ParaRNN is a high-performance package for automating parallel application of RNNs along sequence-length, dramatically speed up RNN applications compared to traditional sequential approaches.
The code has been developed as part of the publication: ParaRNN: Unlocking Parallel Training of Nonlinear RNNs for Large Language Models
Traditional RNN processing requires updating the RNN hidden state as the input sequence gets analyzed: a procedure inherently sequential, which makes its application to long sequences time-consuming. ParaRNN overcomes this issue by implementing a combination of Newton method and parallel reduction algorithms which can effectively evaluate the RNN application in parallel along the sequence length. The package supports various RNN architectures, and provides reference implementations for diagonalized GRU and LSTM variants.

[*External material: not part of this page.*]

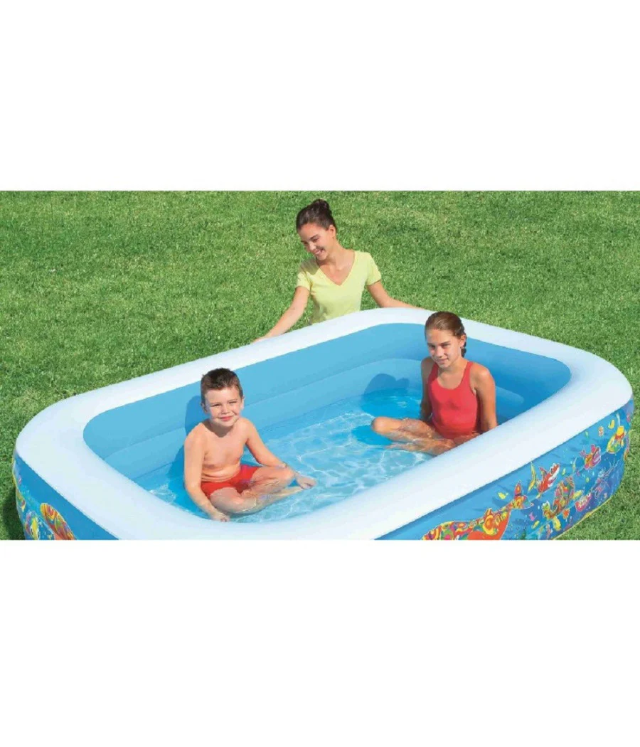 Trade Shop - Piscina Gonfiabile Family Rettangolare 3 Anelli Fantasia Pesci 229x152x56cm
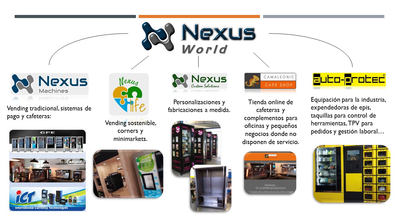 La capacidad de Nexus para adaptarse a las necesidades de mercado en cada momento lleva a la compañía a ofrecer soluciones a todo tipo de clientes, aunque sea a pequeña escala. Tanto es así que la trayectoria ascendente de la firma la lleva a ramificar su oferta en cinco divisiones distintas, las cuales forman el Nexus World: Nexus Machines, dedicada a la distribución de expendedoras de vending tradicional GPE, sistemas de pago ICT y cafeteras Carimali; Nexus Life, que ofrece soluciones en vending sostenible y sano, corners y minimarkets; Nexus Custom Solutions, enfocada a proyectos personalizados y a medida; Camaleonic Cafe Shop, su tienda online de cafeteras y café para oficinas y pequeños negocios; y finalmente, Auto-Protect, cuyo objetivo es ofrecer soluciones para la industria, desde expendedoras de epis hasta taquillas para suministro y control de herramientas y TPV para gestión laboral.

Automated Parallel RNN Framework: ParaRNN provides full support for parallel application of custom RNN cells through automatic assembly of the Newton linearized system. The framework leverages PyTorch's autograd for Jacobian computations, requiring only the definition of the RNN cell's recurrent step and its system parameters. This allows researchers to focus on RNN cell design while the package handles the complex parallel processing automatically.
High-Performance CUDA Kernels: The package includes ready-to-use, efficient CUDA implementations of parallel reduction algorithms specifically optimized for structured Jacobians. These kernels are designed to handle the most common diagonal and block-diagonal Jacobian structures, providing significant performance improvements over the PyTorch implementation
Modular and Extensible Architecture: ParaRNN's modular structure simplifies development work by providing numerous possibilities for expansion and adaptations. The architecture supports the users from prototyping new RNN cells using the PyTorch backend to implementing fully-fused CUDA kernels for maximum performance. This flexibility enables both rapid experimentation and production-ready deployment.

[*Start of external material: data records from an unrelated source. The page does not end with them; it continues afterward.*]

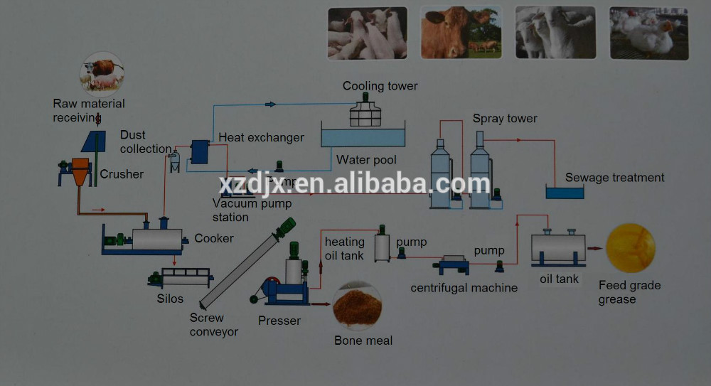 The feather of poultry slaughterhouses and fur animals, bones, offal, meat, carcassing and inner structures remain, the dead poultry, animal during transport and animal carcasses. All can be made into high protein feather meal, bone meal,chicken meal,
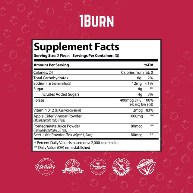 - INCREASE ENERGY LEVEL: Formulated with pomegranate and beet juice powder, Ionide, Folate, Vitamin B-6 & B-12 to help you feel energized & refreshed. 1Burn Apple Cider Vinegar gummies promotes improved energy levels and overall health, supporting a thorough cleanse of the body and keeping you feeling refreshed!
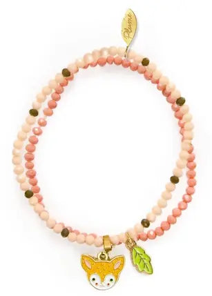 Plongez dans l'univers enchanteur de la forêt avec ce bracelet orné de perles en acrylique de qualité et de charms en métal émaillé inoxydable représentant un renard et une feuille. De délicates touches de vert et de doré apportent une note chaleureuse et raffinée à votre poignet. Son double fil élastique assure une solidité optimale tout en garantissant un enfilage facile, sans fermoir.
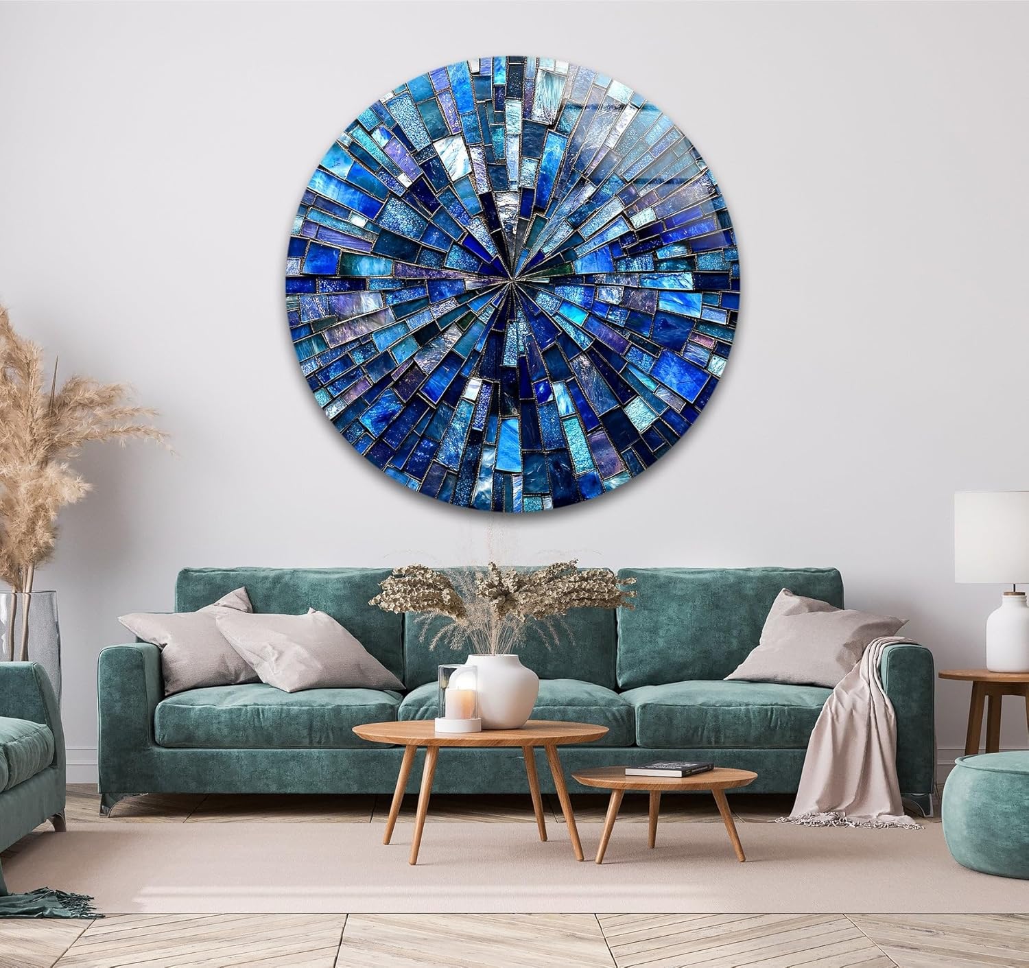 My Photostation.com 15.8''(40cm) Diameter Radiant Mosaic Burst Round Glass Wall Art Tempered Glass Printing Wall Decor Large Wall Art Wall Hangings

ParaRNN supports four distinct application modes for the considered RNN cells, trading off ease-of-application against performance
- Sequential: classical sequential application, mostly used for testing and debugging, or at inference time.
 - Parallel: reference implementation of Newton + Parallel Reduction, which only relies on native PyTorch operations. Mainly thought for prototyping, debugging, and exploring new RNN cell definitions.
 - Parallel_CUDA: performant implementation where Jacobian assembly and Newton iterations are performed in PyTorch, but the parallel reduction solver is implemented in a custom CUDA kernel, specialized for Jacobians with diagonal or NxN-block-diagonal structure.
 - Parallel_FUSED: top-performance implementation featuring a fully-fused custom CUDA kernel for the whole Newton routine. Requires prescribing the RNN cell action and Jacobians assembly in CUDA.
 
Modes can be swapped by setting
model.mode = 'parallel_CUDA'ParaRNN requires Python 3.9+ with PyTorch and CUDA support. The package includes custom CUDA kernels that are compiled during installation, so a compatible C++ compiler and CUDA toolkit must be available on your system.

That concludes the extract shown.